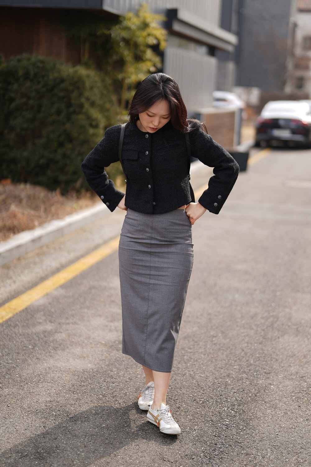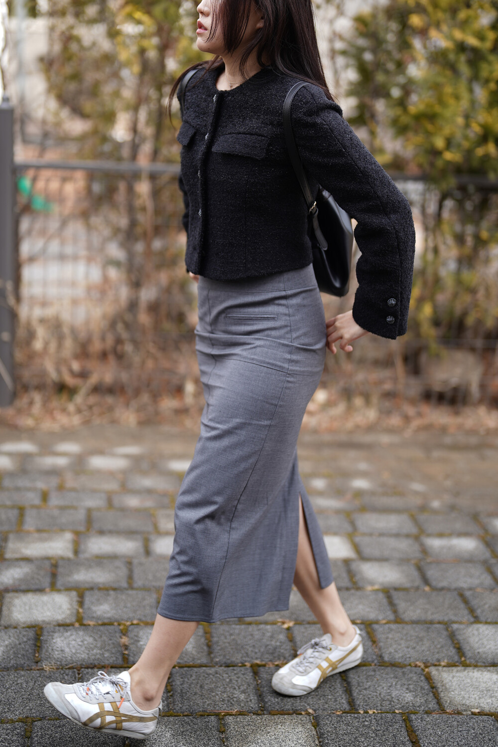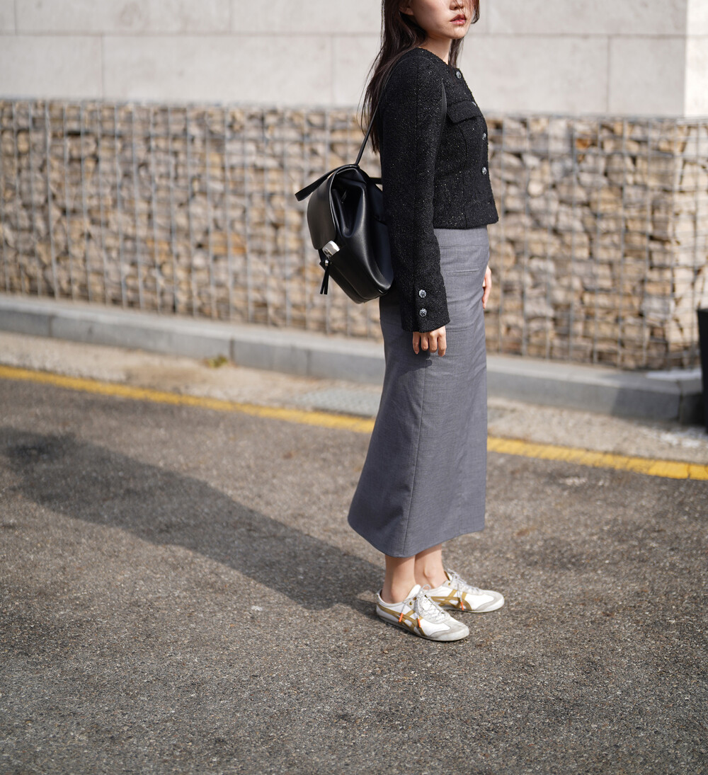 트임 덕분에 팔랑이는 모양이 걸을 때 특히나 더 예쁜 스커트예요.
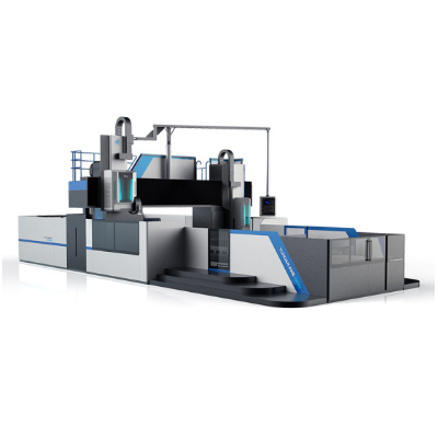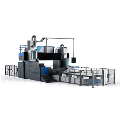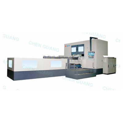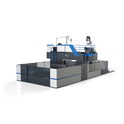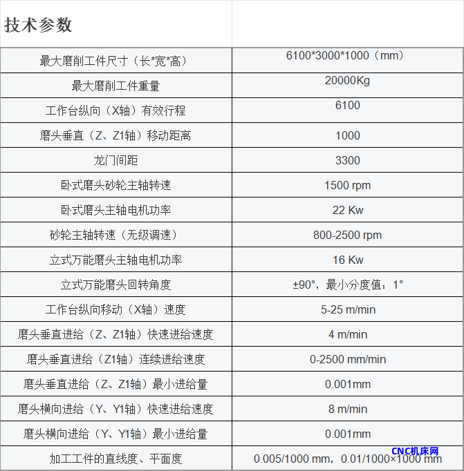 双立柱、阶梯横梁组成高刚性龙门框架结构,床身采用一平一V型静压导轨,工作台由两个单作用油缸控制沿床身导轨纵向运动,采用独立液压站,无级调速低摩擦噪音小运动平稳;配置一组卧式磨头和立式万能磨头,磨头横向及垂直向移动采用伺服电机驱动丝杠,垂直方向采用光栅尺定位,实现横向定距磨削、间歇进给、微量进给、无级调速等功能。
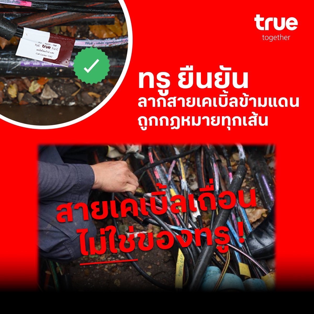 ทรู คอร์ปอเรชั่น ขอเรียนชี้แจงเพื่อความเข้าใจว่า ภาพท่อที่เห็นเป็นท่อส่วนกลางที่รวมสายเคเบิลใยแก้วเกตเวย์ของทุกโอเปอเรเตอร์ในไทย ซึ่งมีสายเคเบิ้ลของทรูเป็นหนึ่งในนั้น และมีการติดชื่อชัดเจนเนื่องจากเป็นสายข้ามแดนที่ได้รับอนุญาตจากกสทช.อย่างถูกต้อง และขอยืนยันว่าสายเคเบิ้ลใยแก้วข้ามแดนของทรูทุกสาย ทุกจุด ทุกพื้นที่ ได้ดำเนินการขออนุญาตถูกต้องตามกฎหมาย รวมทั้งให้บริการเชื่อมต่อกับโอเปอเรเตอร์บริษัทผู้ประกอบกิจการโทรคมนาคมหลักของประเทศเพื่อนบ้านที่ได้รับอนุญาตเท่านั้น ไม่มีการให้บริการลากสายไปยังบุคคลหรือนิติบุคคลอื่นใดที่ไม่ได้รับใบอนุญาตประกอบกิจการโทรคมนาคม นอกจากนี้ บริษัท ฯ ได้มีการรายงานแจ้งไปยังกสทช. เพื่อยืนยันพร้อมหลักฐานว่าทุกสายสื่อสารของทรูดำเนินการถูกต้อง และไม่มีการลอบส่งเป็นสายสื่อสารเถื่อนไปยังประเทศเพื่อนบ้านแต่อย่างใด
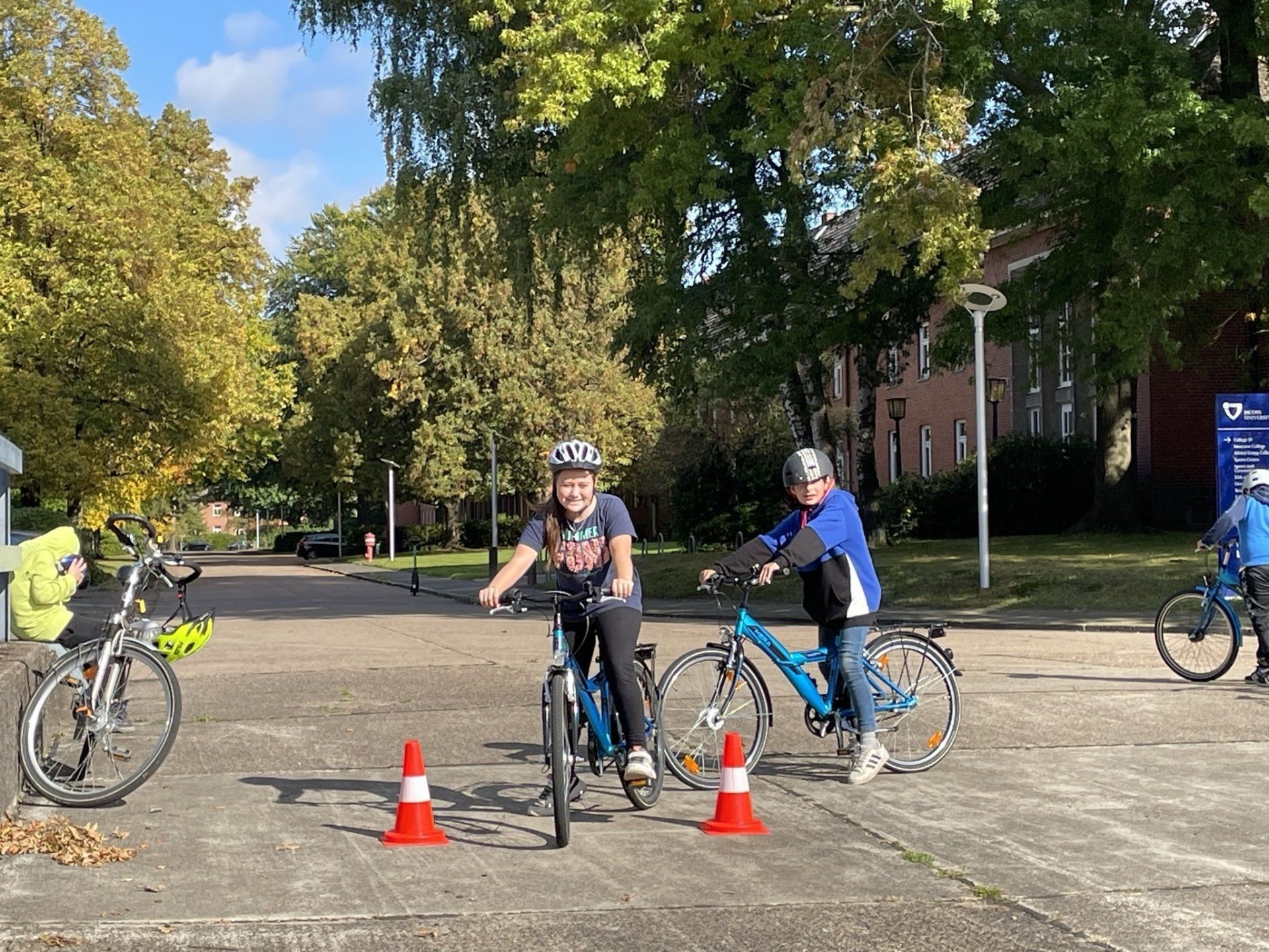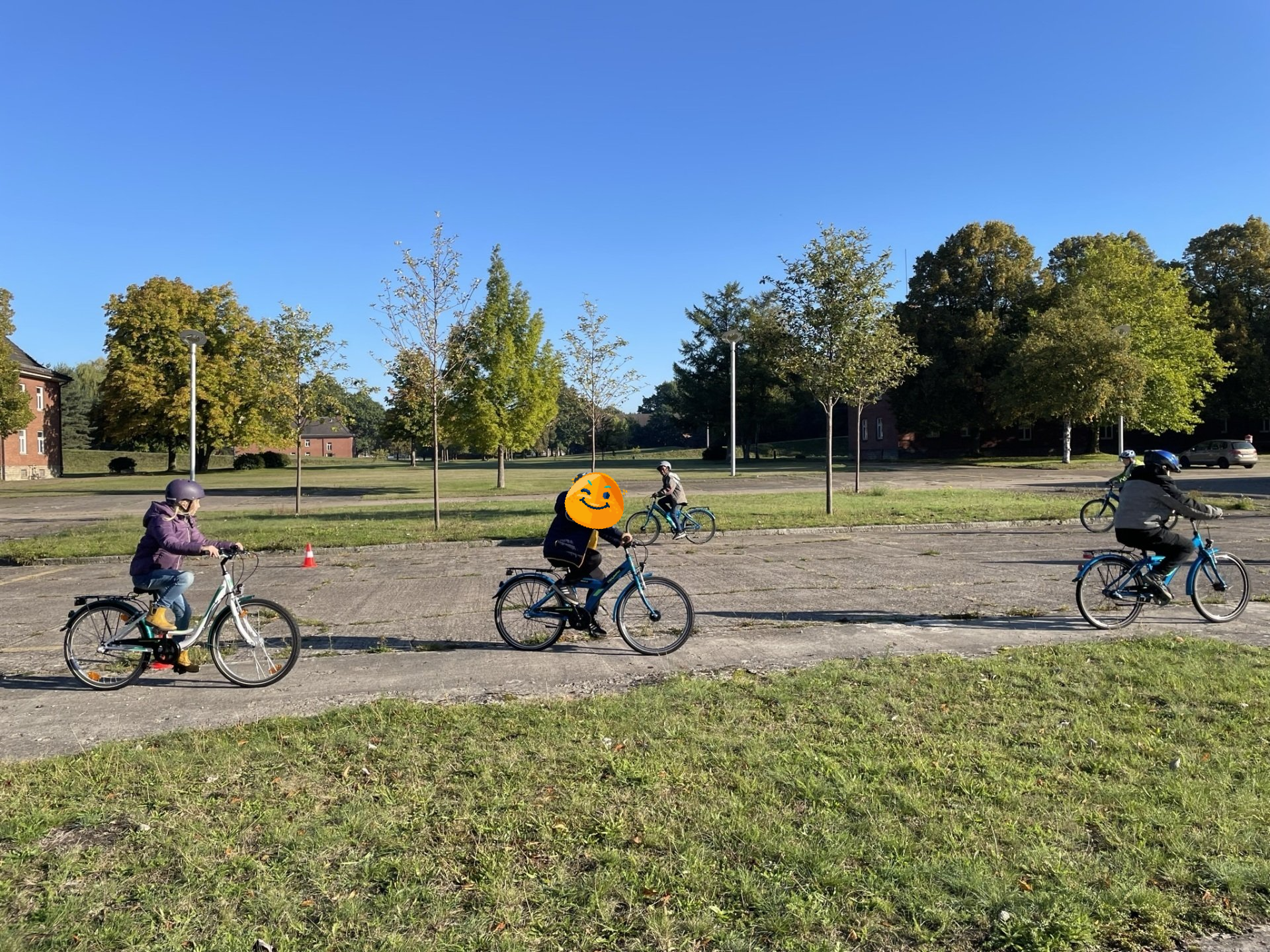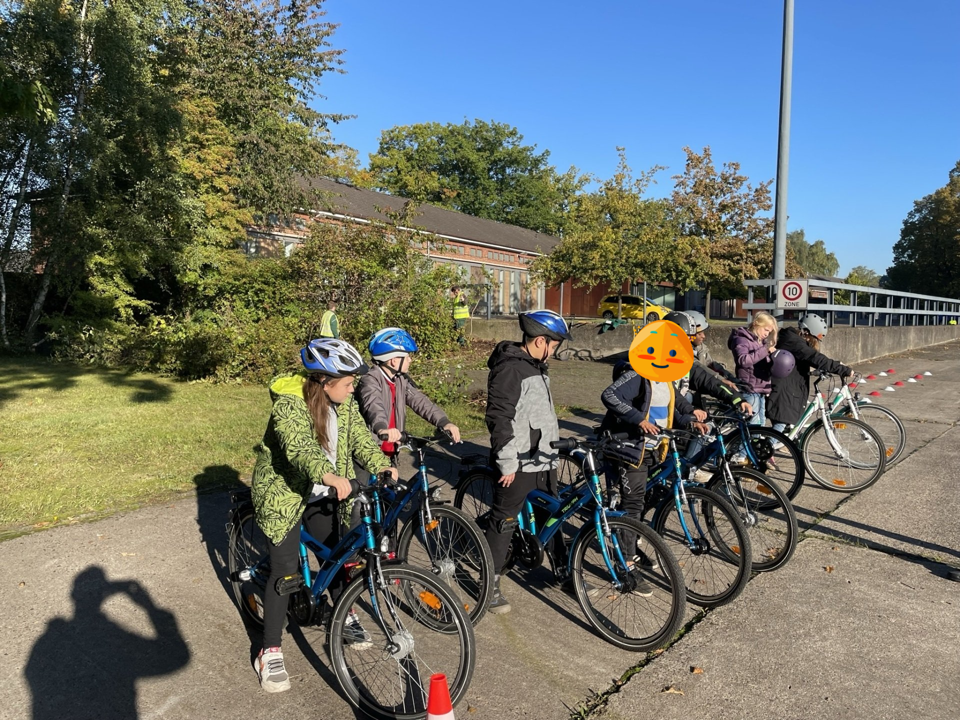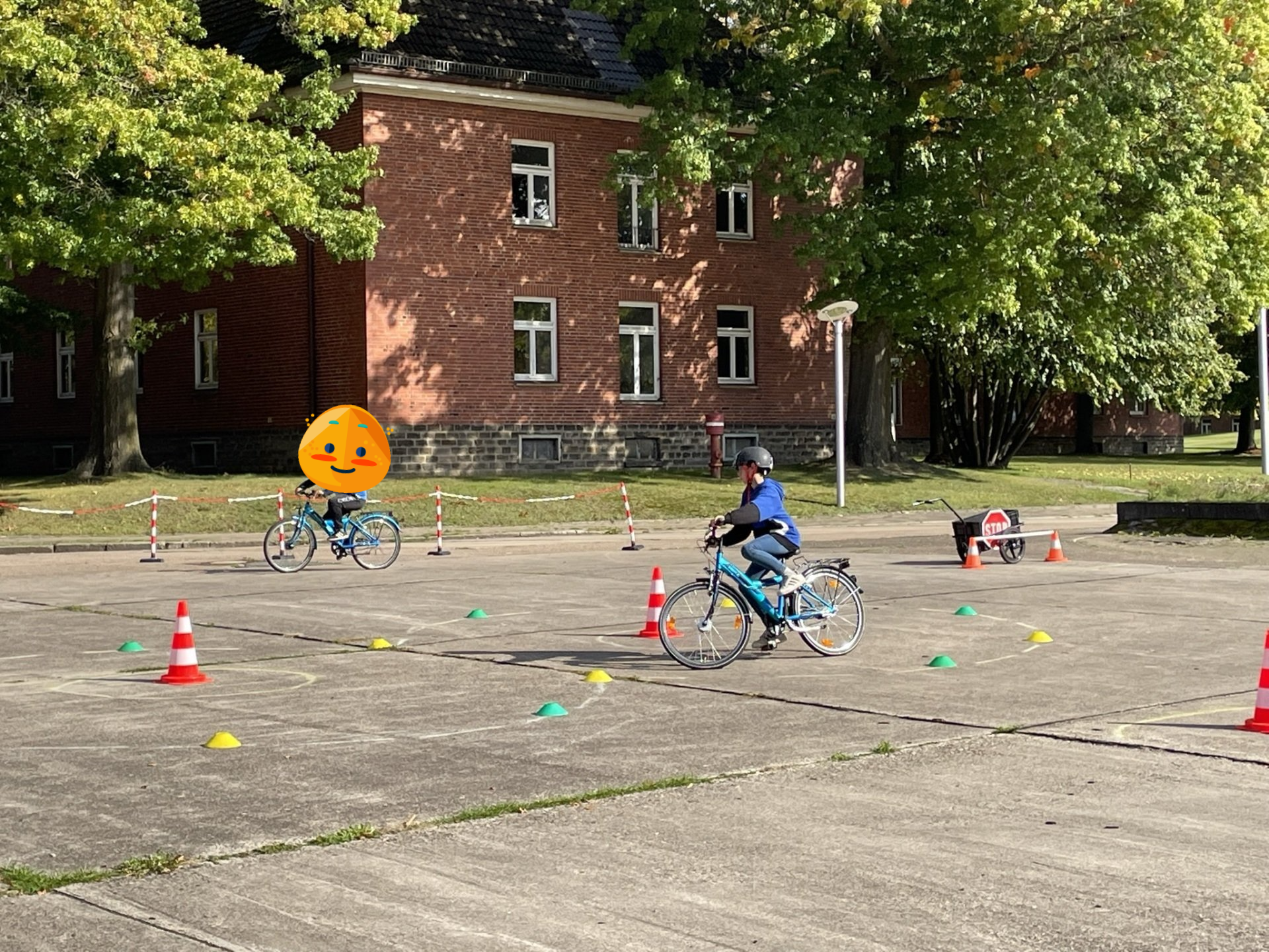 In der letzten Septemberwoche besuchte die 4a gemeinsam mit unserem Kontaktpolizisten den Verkehrsübungsplatz auf dem Gelände der Jacobs University. Nach einer aufregenden Fahrt mit Bahn und Bus und einem kurzem Frühstück ging es auf die Fahrräder. Einen ganzen Vormittag wurde das Fahren, Anhalten und Zeichengeben geübt. So konnten die Schüler:innen Sicherheit im Umgang mit ihren Fahrrädern gewinnen und lernen, welches Verhalten im Straßenverkehr richtig und wichtig ist. Zum Schluss waren alle Schüler:innen deutlich sicherer und aufmerksamer als zu Beginn.

**Task prompt**: For your answer, write out the data exactly and drop every picture.

**Result below**:
 트임 덕분에 팔랑이는 모양이 걸을 때 특히나 더 예쁜 스커트예요.
 双立柱、阶梯横梁组成高刚性龙门框架结构,床身采用一平一V型静压导轨,工作台由两个单作用油缸控制沿床身导轨纵向运动,采用独立液压站,无级调速低摩擦噪音小运动平稳;配置一组卧式磨头和立式万能磨头,磨头横向及垂直向移动采用伺服电机驱动丝杠,垂直方向采用光栅尺定位,实现横向定距磨削、间歇进给、微量进给、无级调速等功能。
 ทรู คอร์ปอเรชั่น ขอเรียนชี้แจงเพื่อความเข้าใจว่า ภาพท่อที่เห็นเป็นท่อส่วนกลางที่รวมสายเคเบิลใยแก้วเกตเวย์ของทุกโอเปอเรเตอร์ในไทย ซึ่งมีสายเคเบิ้ลของทรูเป็นหนึ่งในนั้น และมีการติดชื่อชัดเจนเนื่องจากเป็นสายข้ามแดนที่ได้รับอนุญาตจากกสทช.อย่างถูกต้อง และขอยืนยันว่าสายเคเบิ้ลใยแก้วข้ามแดนของทรูทุกสาย ทุกจุด ทุกพื้นที่ ได้ดำเนินการขออนุญาตถูกต้องตามกฎหมาย รวมทั้งให้บริการเชื่อมต่อกับโอเปอเรเตอร์บริษัทผู้ประกอบกิจการโทรคมนาคมหลักของประเทศเพื่อนบ้านที่ได้รับอนุญาตเท่านั้น ไม่มีการให้บริการลากสายไปยังบุคคลหรือนิติบุคคลอื่นใดที่ไม่ได้รับใบอนุญาตประกอบกิจการโทรคมนาคม นอกจากนี้ บริษัท ฯ ได้มีการรายงานแจ้งไปยังกสทช. เพื่อยืนยันพร้อมหลักฐานว่าทุกสายสื่อสารของทรูดำเนินการถูกต้อง และไม่มีการลอบส่งเป็นสายสื่อสารเถื่อนไปยังประเทศเพื่อนบ้านแต่อย่างใด
 In der letzten Septemberwoche besuchte die 4a gemeinsam mit unserem Kontaktpolizisten den Verkehrsübungsplatz auf dem Gelände der Jacobs University. Nach einer aufregenden Fahrt mit Bahn und Bus und einem kurzem Frühstück ging es auf die Fahrräder. Einen ganzen Vormittag wurde das Fahren, Anhalten und Zeichengeben geübt. So konnten die Schüler:innen Sicherheit im Umgang mit ihren Fahrrädern gewinnen und lernen, welches Verhalten im Straßenverkehr richtig und wichtig ist. Zum Schluss waren alle Schüler:innen deutlich sicherer und aufmerksamer als zu Beginn.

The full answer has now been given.